Die klassischen WriterInnen der "Hip-Hop-Szene" kreierten in New York Ende der 60er Jahre die
ersten Graffitis mit ihren eigenen individuellen Namenszügen. "In unserer Gesellschaft hat die
Unterschrift eine wichtige Bedeutung: Sie ist Stellverter für die Person selbst. Wenn man einen
Namen überdimensioniert auf getaggte Weise an der Wand sieht, wird verständlich, dass weitere
Dimensionen außer eines ´Ich war hier´- Statements hinter den Taggs der WriterInnen stecken: Werte
wie Individualität, Respekt und Anerkennung eines Menschen spiegeln sich in einem Schriftzug und
seiner besonderen Gestaltung wider.
GraffitiwriterInnen sind in Gruppen organisiert. Das primäre Ziel ist es, möglichst viel Aufmerksamkeit
zu erlangen, was sie durch das Verbreiten ihrer persönlichen Tags zusammen mit dem Crewnamen
überall in einer Stadt erreichen. Dadurch eigenen sie sich ihre Stadt an, besetzen sie sie ...",
analysiert Bauer.
"Die Graffiti sind dabei so ausgestaltet, dass es für Außenstehende schwer ist, sie zu entziffern oder
gar als Buchstaben zu erkennen. Nur in der Szene ist bekannt, wer sich hinter welchem Kürzel
verbirgt. Während die bloße Masse an Tags in einer Umgebung die Bekanntheit eines Sprayers
sichert, spielt die Qualität der Tags innerhalb der Szene eine wichtige Rolle. Ein Tag ist eine
Komposition, ein Logo für den Writer/die Writerin, dessen/deren Wert und Selbstbewusstsein sich
direkt in der Writingexpertise widerspiegeln."

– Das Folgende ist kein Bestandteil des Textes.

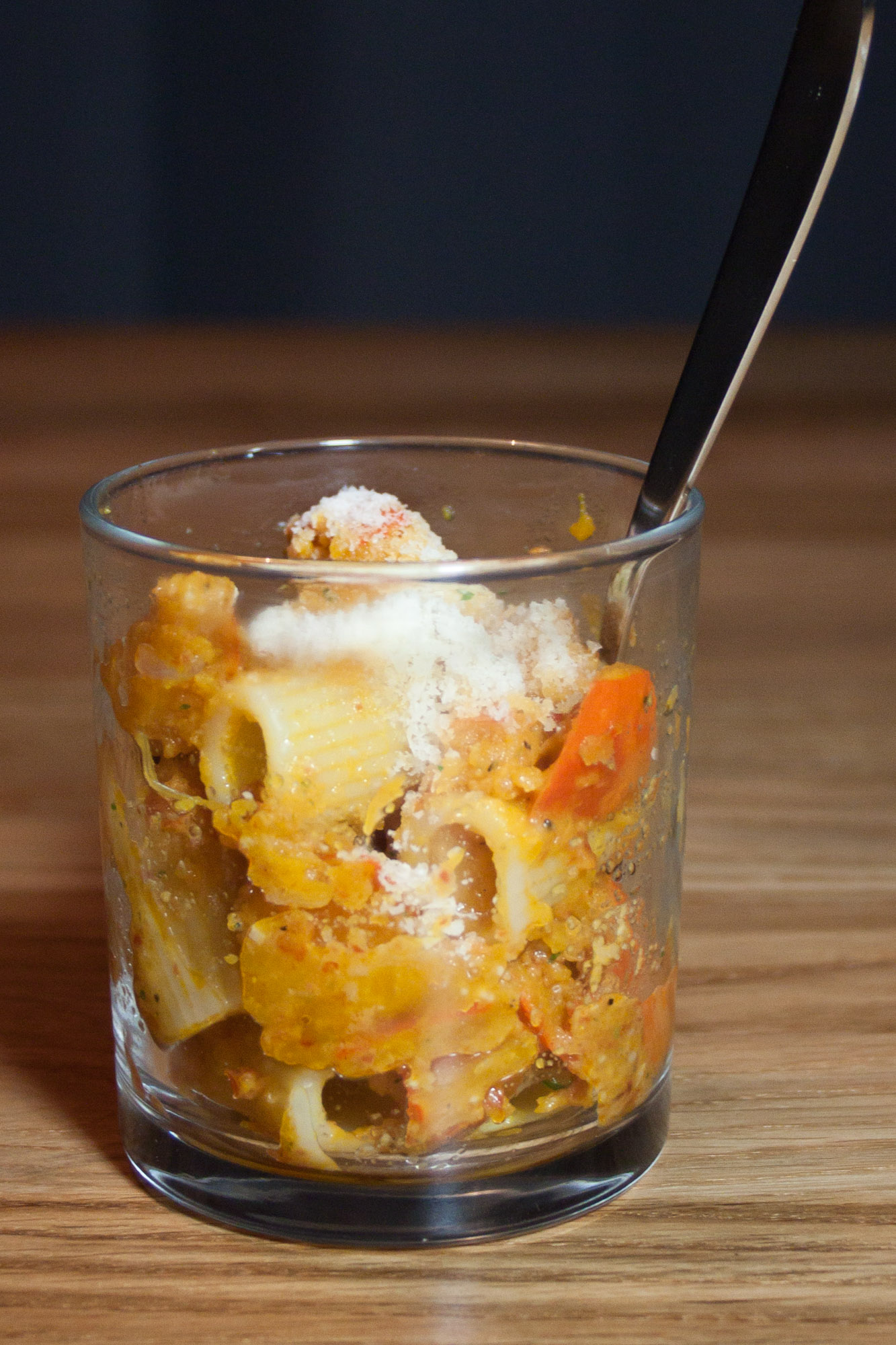 Dieses Gericht kann sowohl als Standalone-Pastagericht als auch in Gläschen im Rahmen eines Buffets serviert werden. Die Kürbis-Pasta schmeckt auch kalt sehr gut.
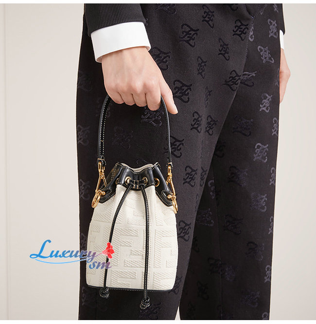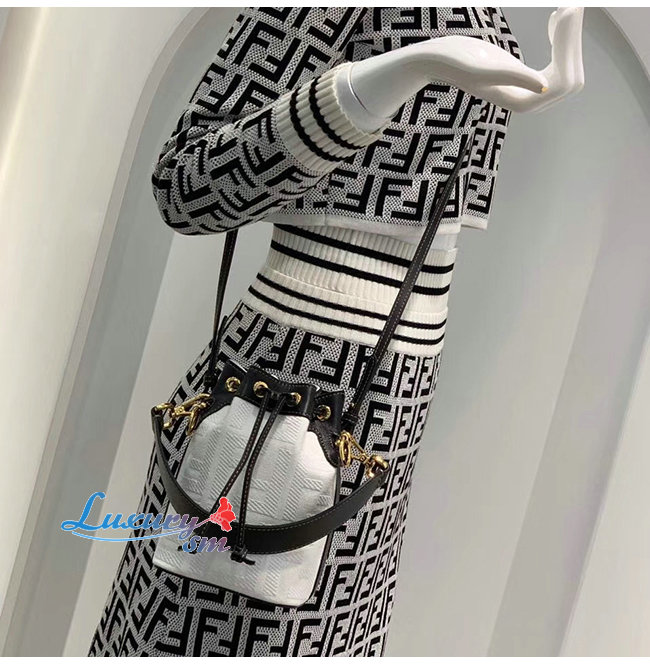[스페셜오더]FENDI-8BS010 펜디 화이트/블랙 더블 F 코튼 송아지 가죽 미니 몬트레조
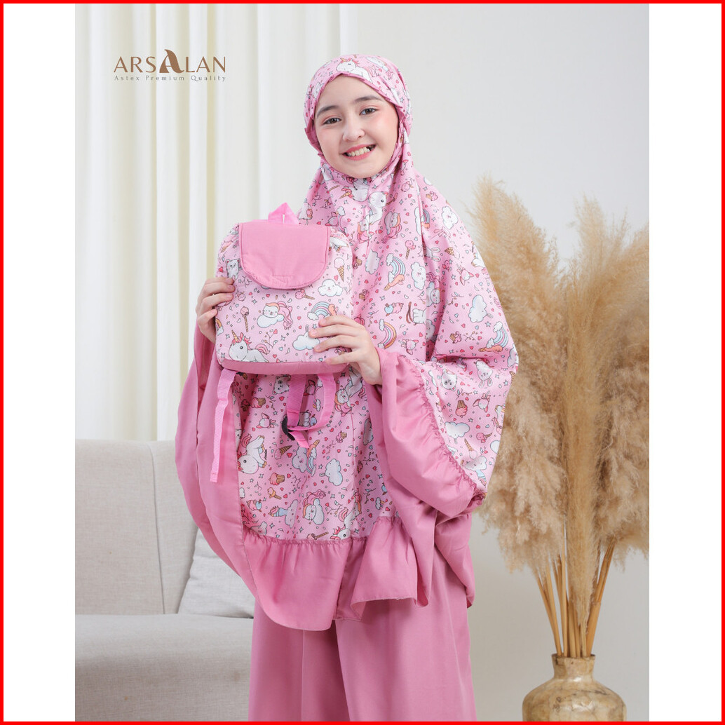 Arsalan - Mukena Anak Tas Ransel Karakter Unicorn Rayon Kombinasi Katun Mikro Usia 2 - 12 Tahun
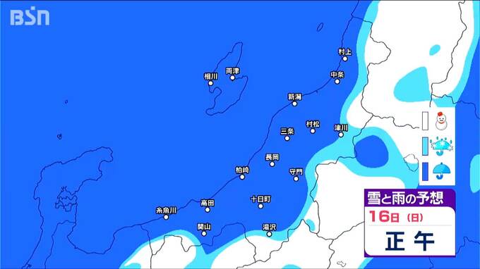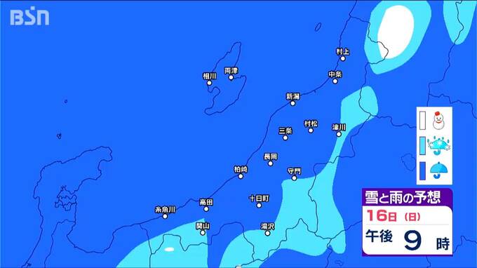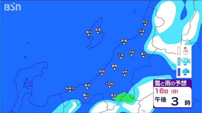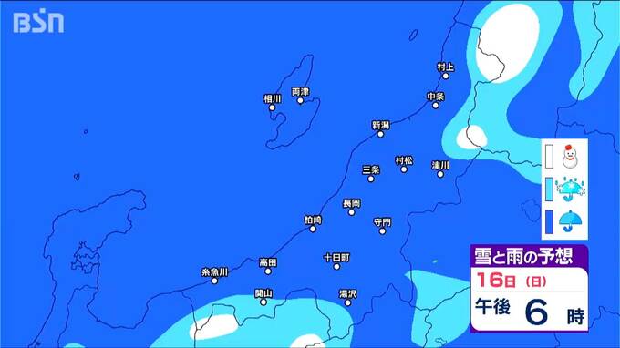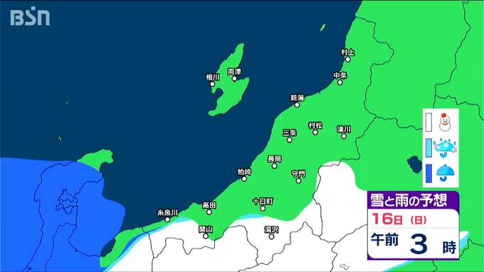 15日からは雪?いつ どこで降る?? 新潟県内は山沿い中心【3時間ごとの雪と雨の予想シミュレーション 17日迄】 2025年3月14日(金) 19:13 国内 天気 16日 3時間ごとの『雪と雨の予想シミュレーション図』
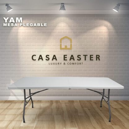Mesa PLEGABLE TIPO PORTAFOLIO 1.80 CASA EASTER, es perfecta para momento con la familia y amigos. Su diseño practico, cómodo y portátil es ideal para llevarla y traerla a cualquier parte Superficie rígida Fácil de armar, su instalación requiere pocos minutos. Mesa plegable para facilitar su transporte y resguardo. Materiales resistentes, ideal para interior o exterior. ¡DISEÑO MODERNO! ideal para usar en interiores o exteriores, por su color Blanco COMBINA con cualquier tipo de decoración. ¡FÁCIL armado! cuenta con un diseño PLEGABLE por la mitad, sólo desdoble y asegure los frenos, en pocos minutos estará lista la superficie para colocar comida, botanas o refrescos. ¡PORTÁTIL! La mesa está diseñada para ahorrar espacio, con su sistema PLEGABLE puedes llevarla en la cajuela del automóvil o a mano, cuenta con AGARRADERA para facilitar su transporte. MEDIDAS INSTALADA Largo: 180 cm. Alto: 77 cm. Ancho: 71 cm. MEDIDAS PLEGADA Largo: 75 cm. Alto: 90 cm. Ancho: 3.5 cm. AGUANTA hasta un máximo de 40 kilogramos ¡Estructura PRÁCTICA! La mesa tiene una base de acero y una superficie RESISTENTE a cambios climáticos y manchas comunes, por lo que es DURABLE, además tiene una gran estabilidad y es fácil de LIMPIAR.
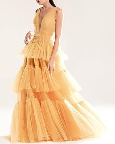 • Features: Tiered tulle prom dress long ball gown double v neck a line ruffle formal dresses prom gowns for women, floor length, fully lined, build-in bra
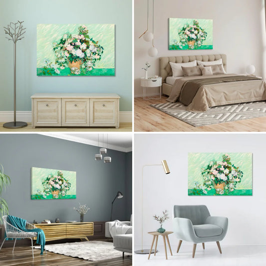 Creado en 1890, Rosas es un cuadro que refleja la delicadeza de estas flores en tonos suaves de verde y blanco. Pintado durante sus últimos días en el asilo de Saint-Rémy, esta obra transmite serenidad y esperanza.
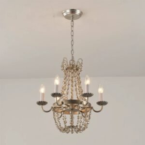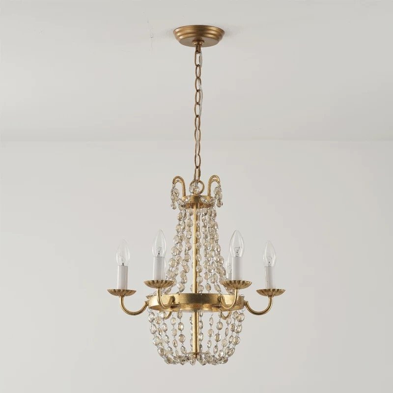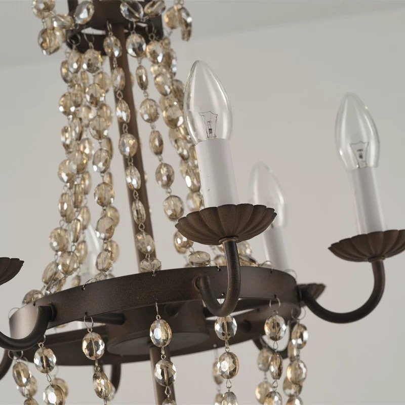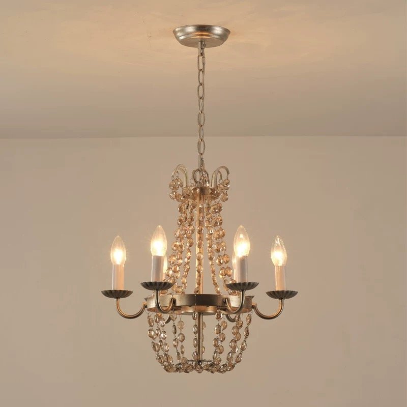 This 42cm vintage crystal chandelier blends American rustic charm with French romantic elegance, featuring three finish options (antique gold, silver, bronze) to elevate your dining room, bedroom, or entryway. Crafted with distressed metal frames and cascading clear crystal strands, it casts warm, dappled light that transforms any space into a cozy, timeless retreat. Ideal for farmhouse, cottage, or classic interiors, this designer fixture adds a touch of old-world luxury to your home.

Während der 70er Jahre entstand eine andersartige, bilderreiche, kreative Graffiti-Form: die Streetart.
Bauer zitiert Harald Naegeli, einen profilierten Vertreter dieser Kunstrichtung: "Beton, die Nudität des
Sichtbetons, seine Allgegenwärtigkeit und Brutalität, ist zu einer allgemeingültigen Norm geworden zum Ausdruck einer Gegenwartsästhetik. Betonfassaden sind nicht einfach kalt und tot, sondern
plumpe, schwere Stirnen einer erstarrten Vernunft." Streetart will die ästhetische Unbewohnbarkeit
aufheben. "StreetartistInnen spielen mit dem Raum, mit seiner Bedeutung und Symbolik und
funktionieren diese durch ihre Werke um ..."
Daniela Bauer: Die ästhetische Wahrnehmung von Graffiti.